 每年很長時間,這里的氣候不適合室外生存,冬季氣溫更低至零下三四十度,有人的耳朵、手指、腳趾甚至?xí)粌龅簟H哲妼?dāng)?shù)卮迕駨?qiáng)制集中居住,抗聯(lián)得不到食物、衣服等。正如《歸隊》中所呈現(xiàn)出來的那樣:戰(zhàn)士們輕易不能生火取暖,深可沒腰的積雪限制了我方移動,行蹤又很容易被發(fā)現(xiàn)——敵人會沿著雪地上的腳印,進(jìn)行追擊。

○ ○ ○ ○

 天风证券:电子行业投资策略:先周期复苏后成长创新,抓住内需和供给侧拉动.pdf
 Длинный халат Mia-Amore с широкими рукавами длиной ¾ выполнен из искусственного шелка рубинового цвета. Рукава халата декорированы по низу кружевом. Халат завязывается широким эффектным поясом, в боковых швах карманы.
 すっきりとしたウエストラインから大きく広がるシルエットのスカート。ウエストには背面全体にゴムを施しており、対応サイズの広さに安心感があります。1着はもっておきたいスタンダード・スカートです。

○ ○ ○ ○

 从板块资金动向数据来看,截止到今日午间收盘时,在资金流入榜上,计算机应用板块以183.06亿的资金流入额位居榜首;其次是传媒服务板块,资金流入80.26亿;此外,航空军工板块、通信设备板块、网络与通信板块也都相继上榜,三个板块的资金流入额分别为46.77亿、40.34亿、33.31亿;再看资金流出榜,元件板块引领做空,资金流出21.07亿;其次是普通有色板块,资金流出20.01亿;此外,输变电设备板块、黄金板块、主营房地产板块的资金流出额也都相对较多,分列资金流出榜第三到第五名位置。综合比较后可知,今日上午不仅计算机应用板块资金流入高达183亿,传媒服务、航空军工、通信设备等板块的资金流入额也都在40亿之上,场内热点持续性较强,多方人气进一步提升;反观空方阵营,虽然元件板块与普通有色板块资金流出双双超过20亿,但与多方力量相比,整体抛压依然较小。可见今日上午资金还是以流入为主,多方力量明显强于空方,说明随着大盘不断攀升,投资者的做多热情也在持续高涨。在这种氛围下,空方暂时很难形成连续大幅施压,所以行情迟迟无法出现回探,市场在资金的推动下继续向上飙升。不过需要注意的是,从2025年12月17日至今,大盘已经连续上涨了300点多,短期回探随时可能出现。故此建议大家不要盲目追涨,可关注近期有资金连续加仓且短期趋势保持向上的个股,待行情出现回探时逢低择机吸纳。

○ ○ ○ ○

PROBLEM REQUIREMENTS:
The lines above starting at the one that contains "Длинный халат Mia-Amore" and ending at the one that contains "すっきりとしたウエストライン" must be transcribed exactly, and no other lines may appear.

RESPONSE BOX:
 Длинный халат Mia-Amore с широкими рукавами длиной ¾ выполнен из искусственного шелка рубинового цвета. Рукава халата декорированы по низу кружевом. Халат завязывается широким эффектным поясом, в боковых швах карманы.
 すっきりとしたウエストラインから大きく広がるシルエットのスカート。ウエストには背面全体にゴムを施しており、対応サイズの広さに安心感があります。1着はもっておきたいスタンダード・スカートです。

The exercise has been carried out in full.